**Input data**:
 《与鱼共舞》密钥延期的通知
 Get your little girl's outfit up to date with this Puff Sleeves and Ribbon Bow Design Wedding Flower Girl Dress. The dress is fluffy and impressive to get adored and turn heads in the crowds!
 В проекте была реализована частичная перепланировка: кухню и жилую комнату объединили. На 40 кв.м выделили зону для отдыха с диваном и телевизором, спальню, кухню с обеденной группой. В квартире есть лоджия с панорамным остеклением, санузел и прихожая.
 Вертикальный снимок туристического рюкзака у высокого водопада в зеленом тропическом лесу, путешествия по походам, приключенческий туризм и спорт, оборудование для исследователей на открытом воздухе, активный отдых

==

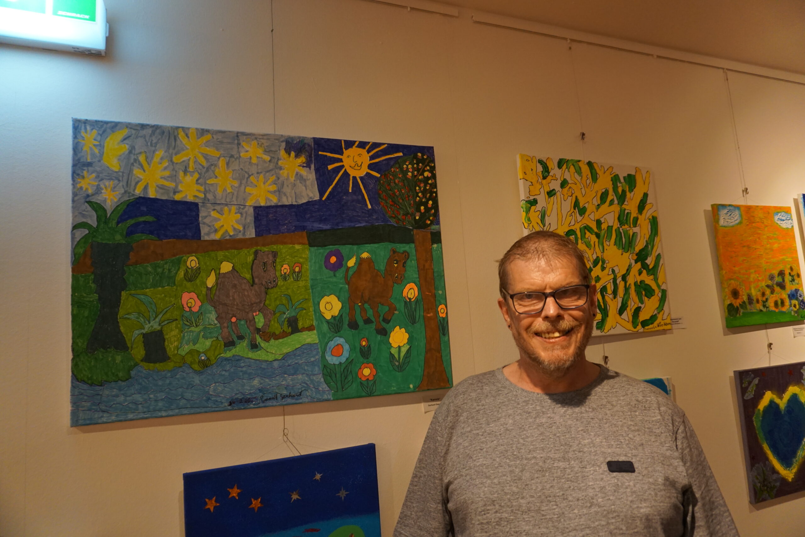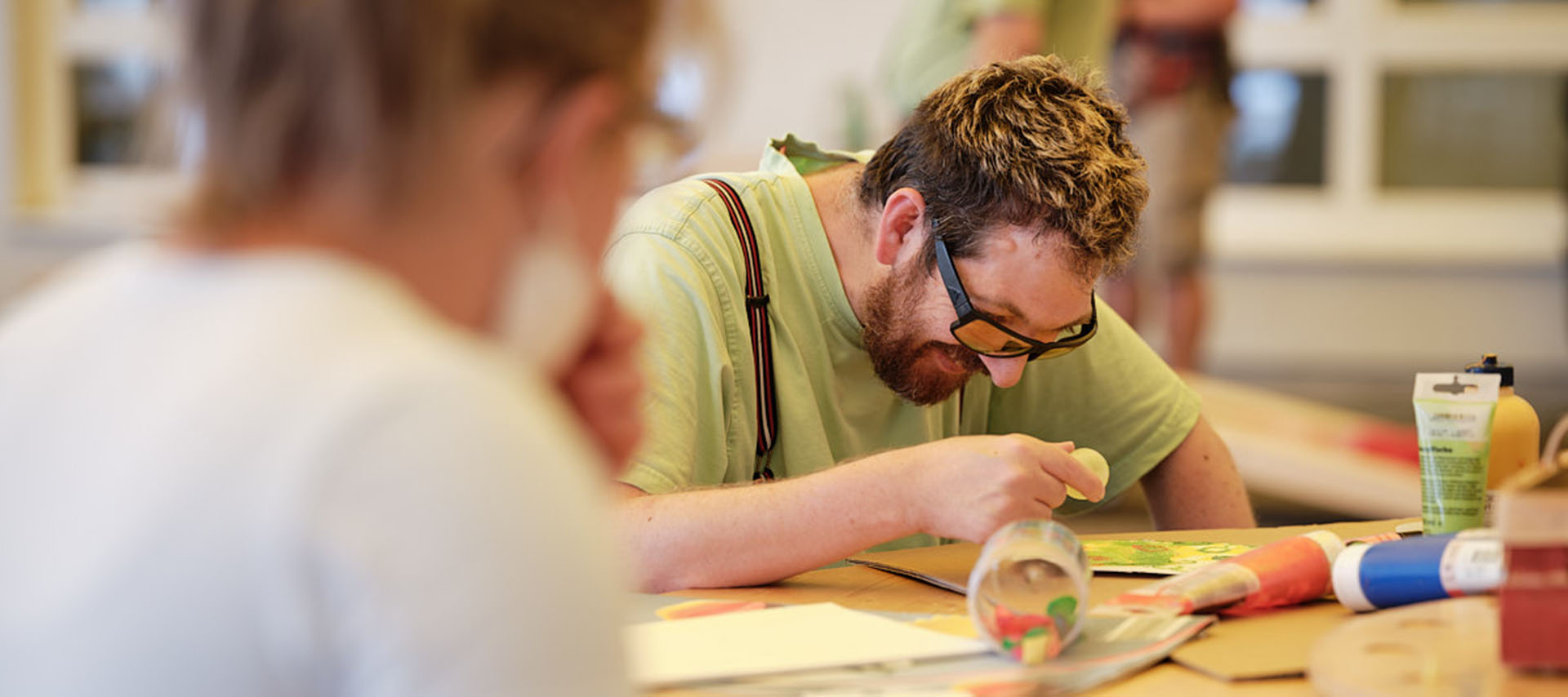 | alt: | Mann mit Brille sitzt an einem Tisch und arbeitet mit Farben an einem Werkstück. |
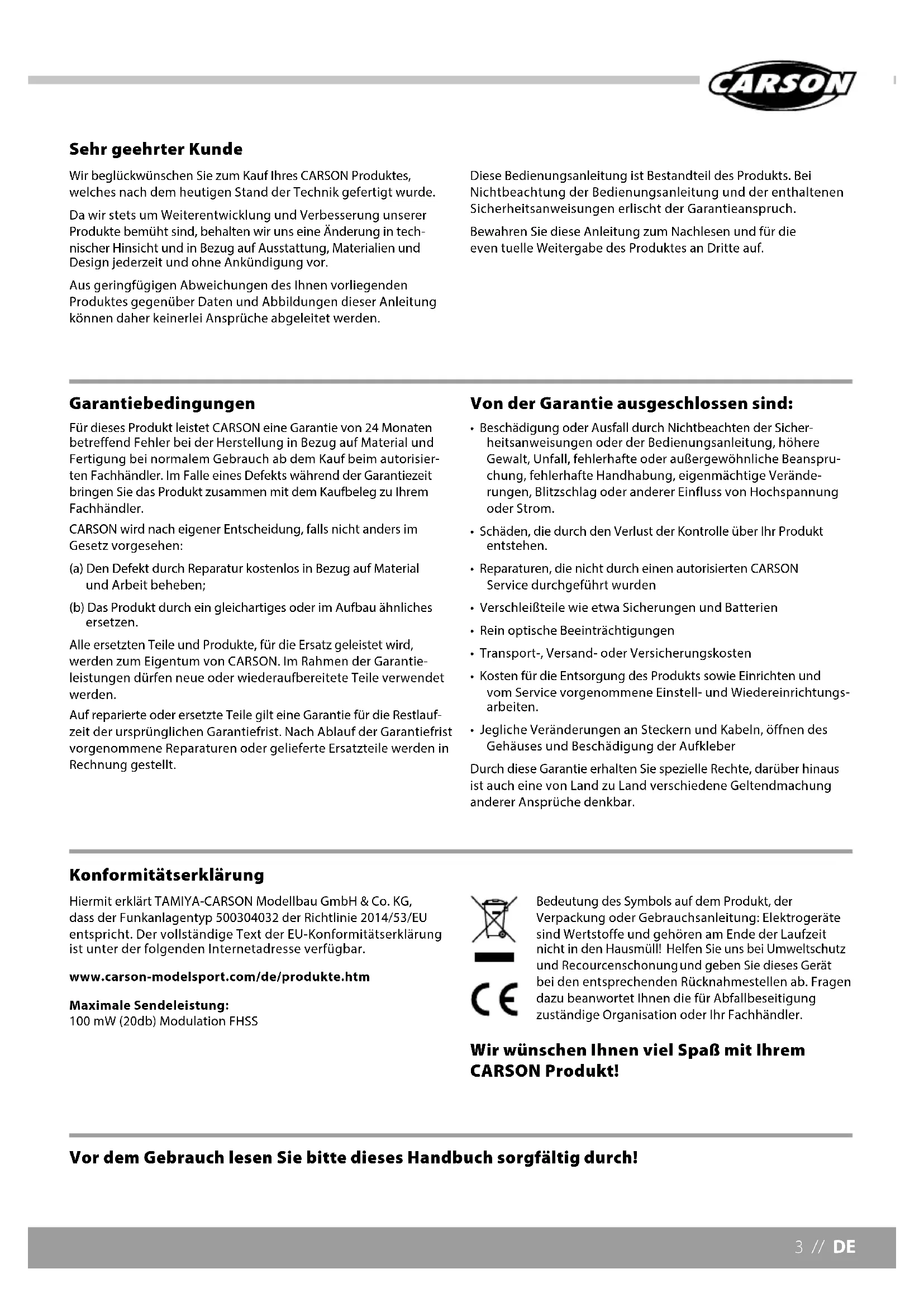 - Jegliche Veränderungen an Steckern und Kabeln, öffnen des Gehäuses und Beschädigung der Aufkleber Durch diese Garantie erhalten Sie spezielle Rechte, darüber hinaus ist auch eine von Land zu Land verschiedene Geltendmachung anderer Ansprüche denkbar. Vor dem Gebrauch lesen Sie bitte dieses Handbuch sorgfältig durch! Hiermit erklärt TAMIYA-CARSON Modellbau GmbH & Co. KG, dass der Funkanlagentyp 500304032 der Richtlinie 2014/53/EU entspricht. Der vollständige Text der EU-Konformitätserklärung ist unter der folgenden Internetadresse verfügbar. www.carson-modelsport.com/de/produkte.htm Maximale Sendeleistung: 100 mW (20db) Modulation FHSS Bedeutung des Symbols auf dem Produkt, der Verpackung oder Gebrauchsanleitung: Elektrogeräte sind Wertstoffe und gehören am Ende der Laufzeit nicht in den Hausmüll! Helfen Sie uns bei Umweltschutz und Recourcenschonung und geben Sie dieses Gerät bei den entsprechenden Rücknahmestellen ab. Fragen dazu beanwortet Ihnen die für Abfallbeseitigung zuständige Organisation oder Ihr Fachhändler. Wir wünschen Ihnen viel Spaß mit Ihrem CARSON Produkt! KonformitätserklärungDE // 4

---

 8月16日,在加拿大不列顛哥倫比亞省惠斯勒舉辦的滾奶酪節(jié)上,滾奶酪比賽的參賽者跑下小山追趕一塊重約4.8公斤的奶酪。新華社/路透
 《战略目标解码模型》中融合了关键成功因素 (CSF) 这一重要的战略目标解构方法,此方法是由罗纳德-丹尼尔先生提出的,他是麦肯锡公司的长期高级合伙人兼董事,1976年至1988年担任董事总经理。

**Exercise brief**: Copy, exactly and only, the lines above that begin with the one containing "В проекте была" and finish with the one containing "Вертикальный снимок туристического".

**Response**:
 В проекте была реализована частичная перепланировка: кухню и жилую комнату объединили. На 40 кв.м выделили зону для отдыха с диваном и телевизором, спальню, кухню с обеденной группой. В квартире есть лоджия с панорамным остеклением, санузел и прихожая.
 Вертикальный снимок туристического рюкзака у высокого водопада в зеленом тропическом лесу, путешествия по походам, приключенческий туризм и спорт, оборудование для исследователей на открытом воздухе, активный отдых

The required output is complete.